Strong Beth Mead was one of the four. She also missed the 2023 World Cup but is back with England to euros, devoting the tournament to her deceased mother June, who died of cancer two months after Mead tore her ACL.
She expressed her mental health struggle which is already a problem for players when recovering the LCA, but was amplified by the death of her mother.
“Due to the injury, I couldn’t play football, which has always been my escape, my happy place,” said Mead. “The moments when people thought I was going well because of my outgoing personality, were very dark.”
‘Many factors’
Culvin, who is also a lecturer at the University of Leeds Beckett, stressed that research on LCA injuries must examine the situation as a whole.
“People want a quick solution, and what we say is that the LCA injury is multifactorial,” she said. “We cannot say that it is the workload, or we cannot say that it is the way women run or that they land, or they jump, or whatever. We say that there are so many factors that are there that it is really difficult to determine one or two factors, we want to look in a holistic direction.”
“There is a discrepancy between the levels of professionalization and the expectations on players to play in lower quality environments. And the large one for us considers environments as modifiable risk factors,” she said.

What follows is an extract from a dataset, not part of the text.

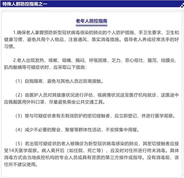 日前,国家卫健委发布新型冠状病毒防控指南(第一版),针对老年人、儿童、学生等特殊人群发布了相应的防控指南,针对幼儿园(或学校)、养老院、办公场所等特定场所也制定了相关指南,同时发布了相关的专家建议。

“Obviously, you have non -modifiable risk factors that are mainly physiological, but you have modifiable risk factors that count for the calendar, the number of games, real physical trips and physical environments in which players play and work environments, and that’s what we focus on this research.”
While experts reduce the concept of epidemic in elite football, UEFA chief doctor, Zoran Bahtijarevic, said the figures are up to young people while girls are flocking to the game.
A recent study by Nielsen Sports and Pepsico revealed that players’ growth in girls has skyrocketed, in particular in Asia, China having seen an increase of 300%, and Europe, led by France to 150%.
“We can expect an epidemic of LCA injury elsewhere, below the radar, with the explosion of participation,” Bahtijarevic told Reuters. “The peak of injuries in women is between 15 and 16 years and 19 years. These are not detected, because these girls are not big stars.”